ECLI:NL:OGHACMB:2020:203

Gemeenschappelijk Hof van Justitie van Aruba, Curaçao, Sint Maarten en van Bonaire, Sint Eustatius en Saba

Datum uitspraak
16 september 2020
Publicatiedatum
17 september 2020
Zaaknummer
CUR2019H00092
Instantie
Gemeenschappelijk Hof van Justitie van Aruba, Curaçao, Sint Maarten en van Bonaire, Sint Eustatius en Saba
Type
Uitspraak
Rechtsgebied
Bestuursrecht
Procedures
  • Hoger beroep
Vindplaatsen
  • Rechtspraak.nl
AI samenvatting door LexboostAutomatisch gegenereerd

Afwijzing van aanvraag verblijfsvergunning als rentenier op basis van onvoldoende middelen van bestaan

In deze zaak heeft het Gemeenschappelijk Hof van Justitie van Aruba, Curaçao, Sint Maarten en van Bonaire, Sint Eustatius en Saba op 16 september 2020 uitspraak gedaan in hoger beroep tegen de afwijzing van een aanvraag voor een verblijfsvergunning voor bepaalde tijd met als doel ‘verblijf als rentenier’. De appellante, geboren op 20 november 1988 en van Chinese nationaliteit, had op 21 november 2017 een aanvraag ingediend bij de minister van Justitie. De minister heeft deze aanvraag op 31 januari 2018 afgewezen, omdat appellante niet had aangetoond over voldoende middelen van bestaan te beschikken. Dit besluit werd later door de minister bevestigd na bezwaar van appellante op 31 augustus 2018.

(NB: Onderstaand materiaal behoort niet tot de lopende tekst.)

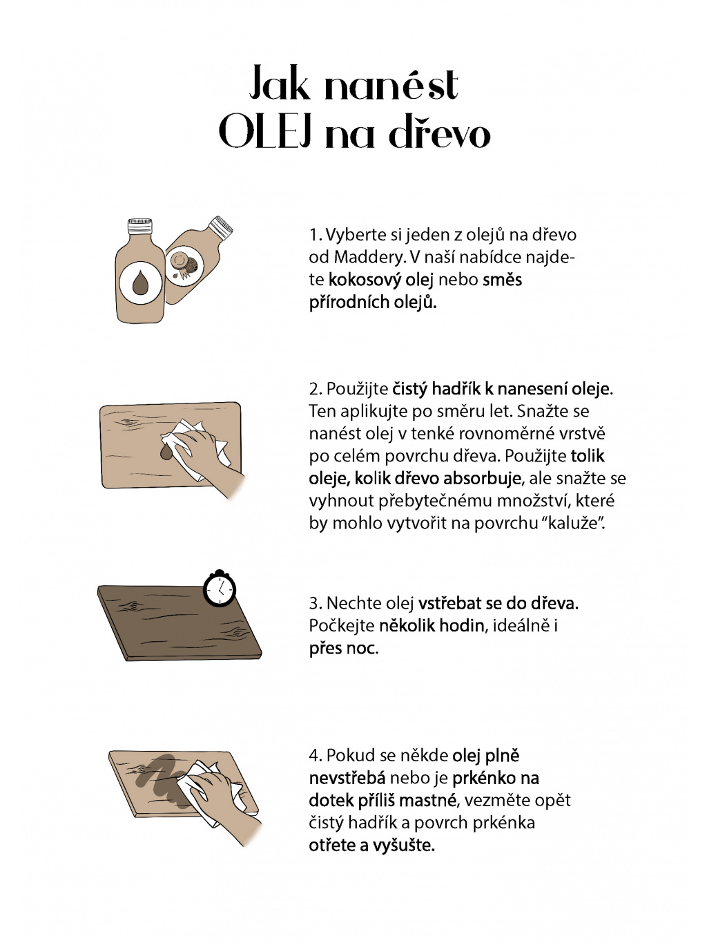 Jak často provádět údržbu: Údržbu olejováním a voskováním bychom měli provádět vždy, když je dřevěný výrobek vysušený. Čím častěji výrobek používáme, tím častější péči vyžaduje. Každodenně používaná kuchyňská prkénka je vhodné olejovat nebo voskovat jednou měsíčně. Používáte-li prkénko méně často, postačí údržba jednou za čtvrt – půl roku.
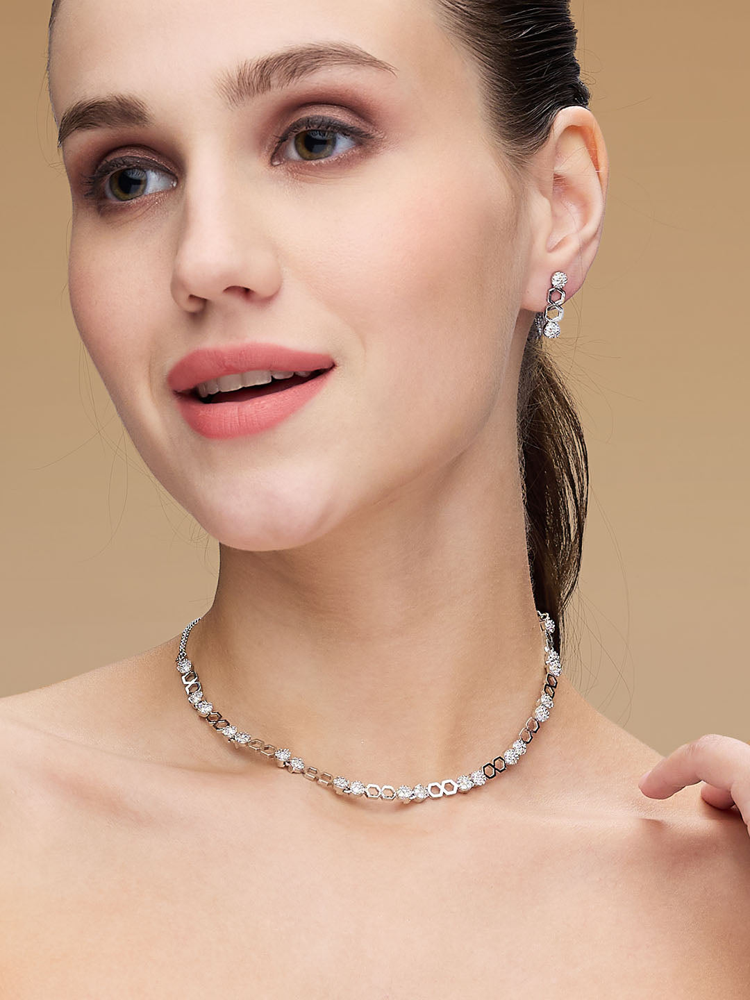 Rhodium-Plated Cubic Zirconia-Studded Delicate Choker Jewellery Set
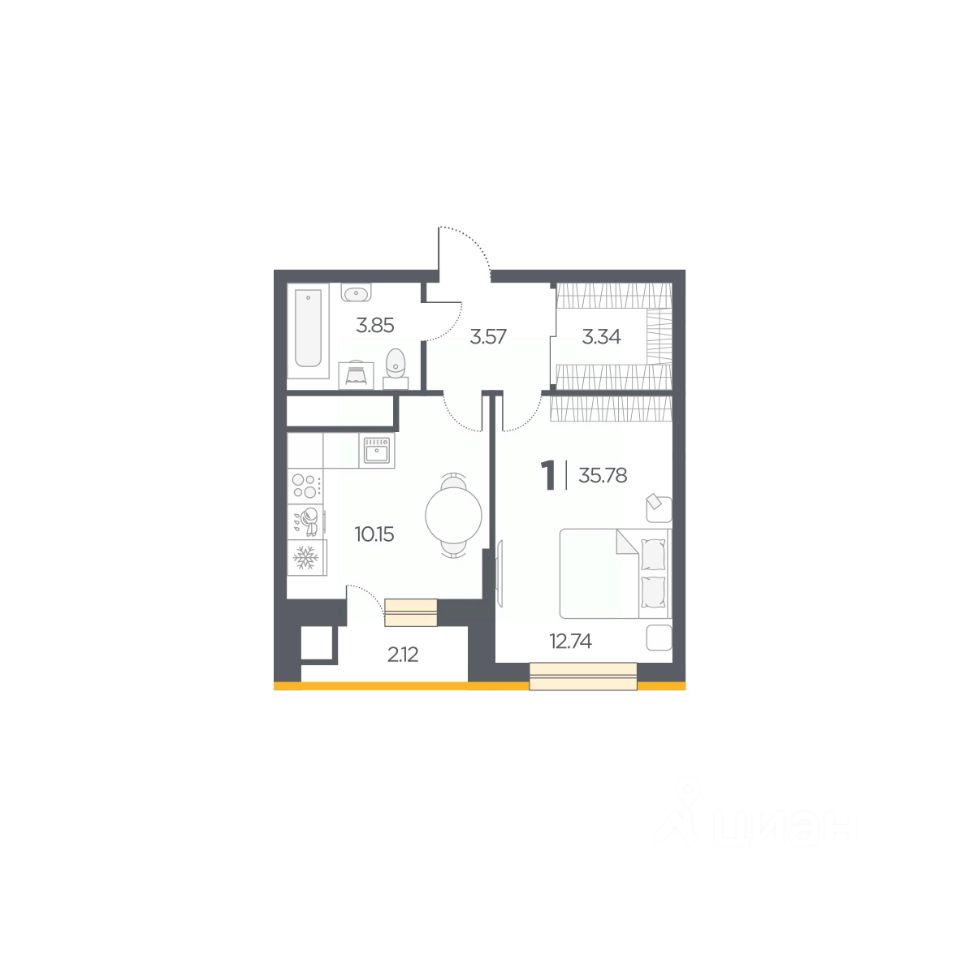 Общая площадь35,78 м2
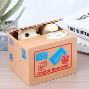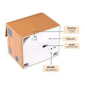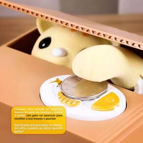 Coloque uma moeda no pratinho branco da caixa de laranjas e aperte o botão. Um gato vai aparecer para recolher a sua moeda e guardar. Elas ficarão armazenadas no interno do cofre e poderá as retirar quando quiser!

Het Gerecht in eerste aanleg van Curaçao verklaarde het beroep van appellante op 6 februari 2019 ongegrond. Hierop heeft appellante hoger beroep ingesteld. Tijdens de zitting op 17 augustus 2020 heeft appellante, bijgestaan door haar advocaat mr. B. Lie Atjam, haar standpunt toegelicht, terwijl de minister werd vertegenwoordigd door mr. S.X.T. Hato.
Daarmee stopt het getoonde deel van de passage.